Reza Shah with his son, Mohammad Reza, who would later become Shah as well. (Wikimedia Commons)

   But the memory of many of these feelings are becoming pale, mostly as a reaction to the current political realities. Formany Iranians today the emphasis on modern Iran’s ancient Persian identity that Reza Shah promoted is by  now second nature – for better or worse. Reza Shah’s act of forcefully removing the hijab from the heads of the women of his time, put in the context of the unforgiving policies of the Islamic Republic forcing the hijab on the descendants of the same women, is now seen as a progressive act by some (comparable, for example, to Peter the Great cutting the beards of his boyar nobles).

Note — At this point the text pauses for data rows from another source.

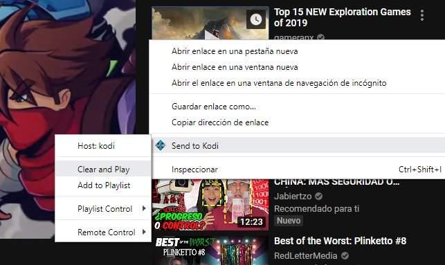 Send to Kodi es una extensión muy parecida a Play to KODI. No solo nos permite enviar videos de YouTube directamente a KODI: también funciona con Twitch, Vimeo y direcciones URL (magnets y torrents).Está disponible tanto para Chrome como Firefox, y funciona simplemente haciendo clic derecho sobre cualquier enlace y seleccionando “Send to KODI -> Clear and Play”. En su contra juega que no tiene muchas opciones de configuración, y que tampoco tiene ninguna página de ayuda, lo que nos puede dar algún que otro dolor de cabeza si tenemos algún problema con la configuración inicial.
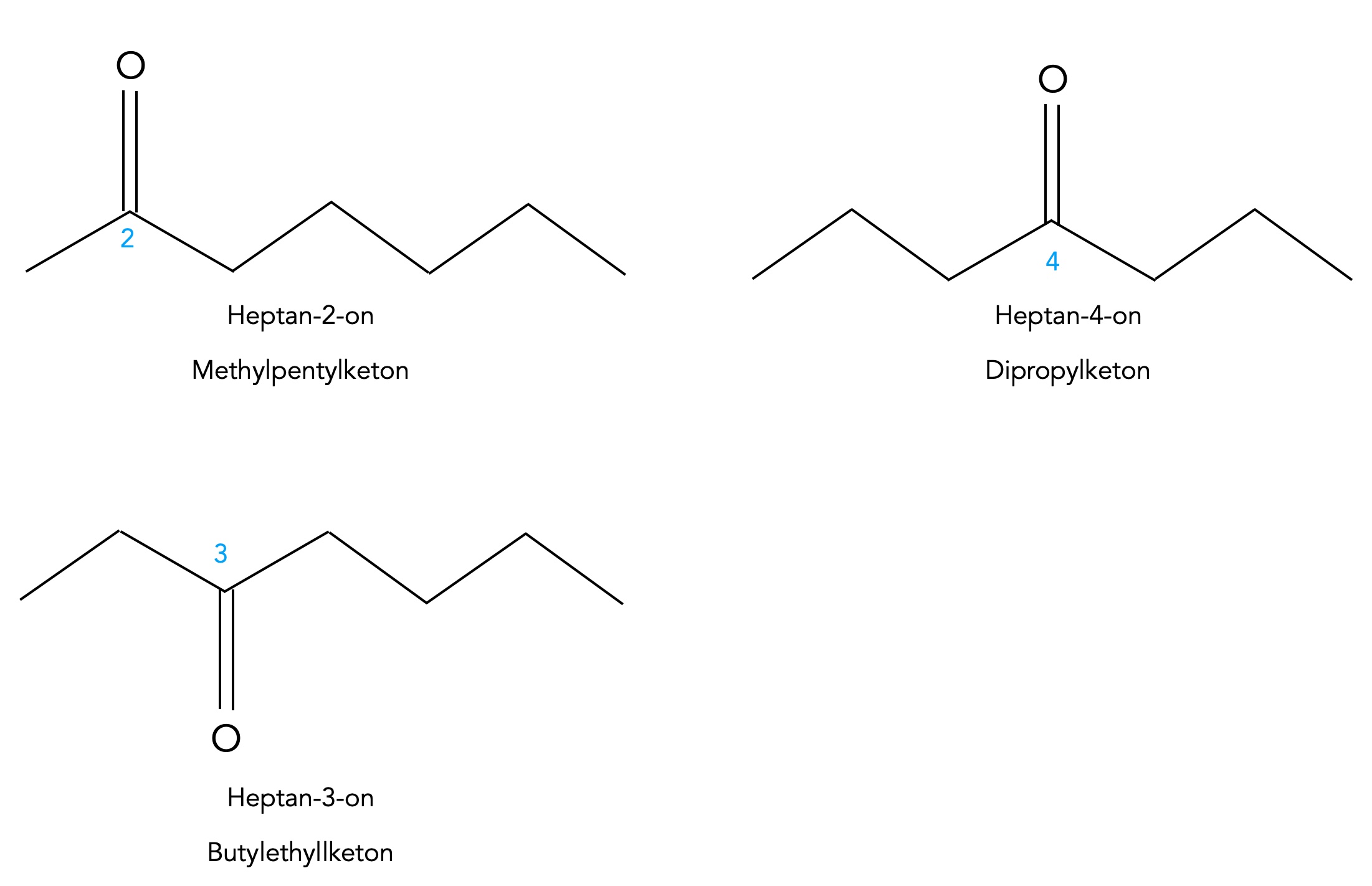Auf dem oberen Bild sehen wir drei einfache Alkanone, also von Alkanen abgeleitete Ketone:
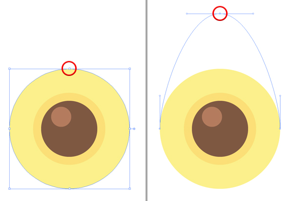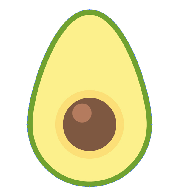 Инструментом Direct Selection/Прямое выделение (A) кликните по верхней точке большого круга, чтобы выделить ее. Теперь потяните точку вверх, чтобы создать форму авокадо.
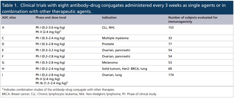 Immunogenicity of antibody-drug conjugates: observations across 8molecules in 11 clinical trials. Bioanalysis. 2019 Sep;11(17):1555-1568
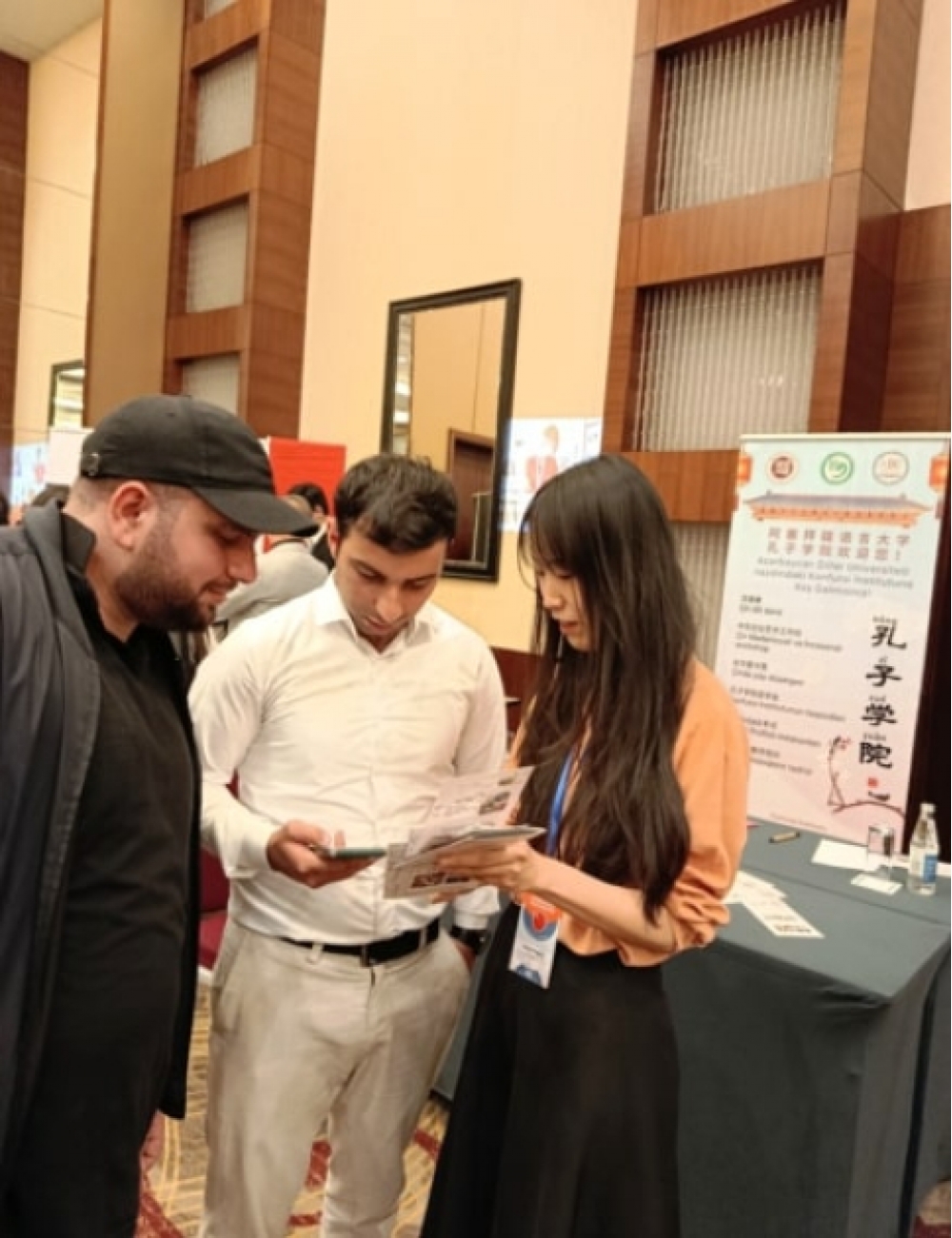 Konfutsi İnstitutunun stendində Çin dilinin tədrisində ən müasir texnologiyaların tətbiqi nümayiş olunub. İştirakçılar Konfutsi İnstitutunun maddi-texniki bazası və elmi tədqiqatları, həmçinin institutun nəşr etdiyi metodiki vəsaitlər və proqramlar, milli Çin dili dərslikləri ilə tanış olublar. Ümummilli Lider Heydər Əliyevin və Azərbaycan Prezidenti İlham Əliyevin Azərbaycan-Çin əlaqələrinin inkişafı istiqamətində fəaliyyətinə həsr olunmuş Çin dilində kitablar xüsusi maraq doğurub.
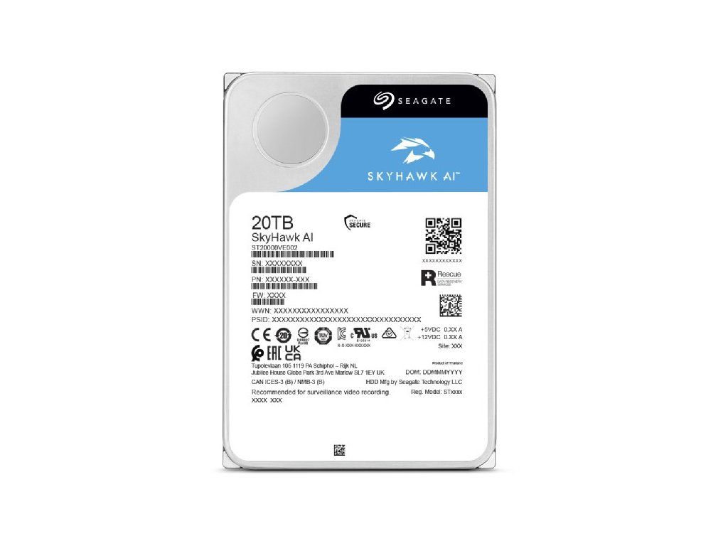Seagate SkyHawk AI vnitřní pevný disk 20 TB 7200 ot/min 512 MB 3.5" Serial ATA III| Velikost pevného disku | 3.5" |
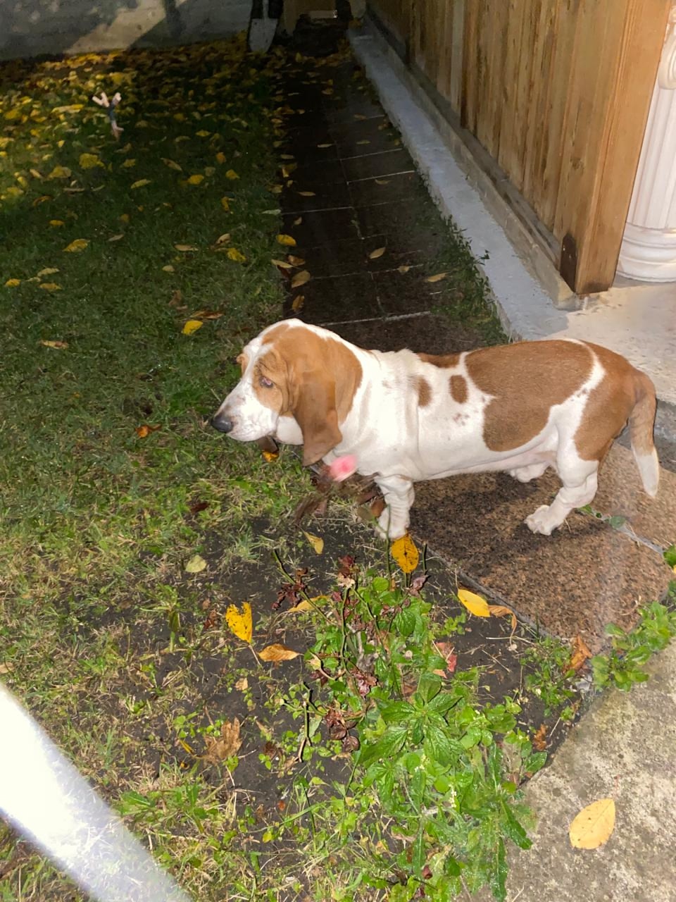 Найдена собака бассет хаунд, белая с коричневым, девочка,..
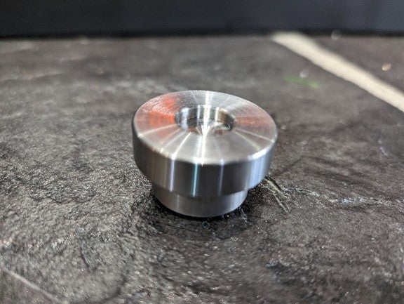 This bushing install tool inserts into the bushing to avoid damage to the threads during installation. There is a recessed point for a simple punch to index into the installation tool. Then simply tap it into the block with a hammer.

   In a land obsessed with engineers and engineering, Reza Shah’s authoritarian industrialization is now viewed by some as the only sensible way of progressing Iran’s economy. Even more, with the growing dissatisfaction with the current government of Iran, the Pahlavis and their founder Reza Shah are now enjoying a new-found support and nostalgia. The Pahlavi dynasty’s use of an ancient-oriented program to create a modern identity has found much support as an antithesis to the Islamic Republic and “Islamism” in the current climate of Islamophobia that has become prevalent in many societies.

Carparks and Rubble

   But what does all this have to do with the bodies of dead kings? Much like finding the body of British monarch Richard III in a carpark in 2012, one expects that the discovery of the mummy of a king in the rubble of his mausoleum would be a matter of historical curiosity. But in a society filled to the brim with political opinion and feeling very much part of history, the body of the Father of Modern Iran is not just a body. Reza Shah is seen by many as a modern-day saviour, much like the chosen ancestor himself, the Pahlavi designated “founder” of the 2500 year old Empire of Iran, Cyrus the Great. Like Cyrus, he carries the epithet of Kabeer or Bozorg, “the Great” – in the title “Reza Shah Kabeer”. In the minds of some of his supporters, the comparison goes even further, like Israeli-Iranian commentator Meir Javedanfar who even credited him with saving Iran’s Jews – much like Cyrus the Great. He is seen as the unifier of the country who gave rights to the minorities, perceived to be without any rights before. 

   But despite all the praise, the surprising fact – after ignoring all the noise – is that there has been no clear official reaction to this event yet. The discovery has prompted people to praise Reza Shah and recount his contributions – but this is already a mainstay of Iranian national debate.

   Some recount the Khalkhali story and are happy that the executioner-judge has received another blow, even after his death (and from another dead man). A few are using the occasion to again point out the age-old adage of how bad the Qajar Dynasty (1796-1925) was and how Reza Shah saved Iran from their incompetent grip. This is yet another seemingly unchanging narrative, itself a Pahlavi one, which is repeated whether a mummified body is present or not. But no one yet knows how to react to the news itself and what it means.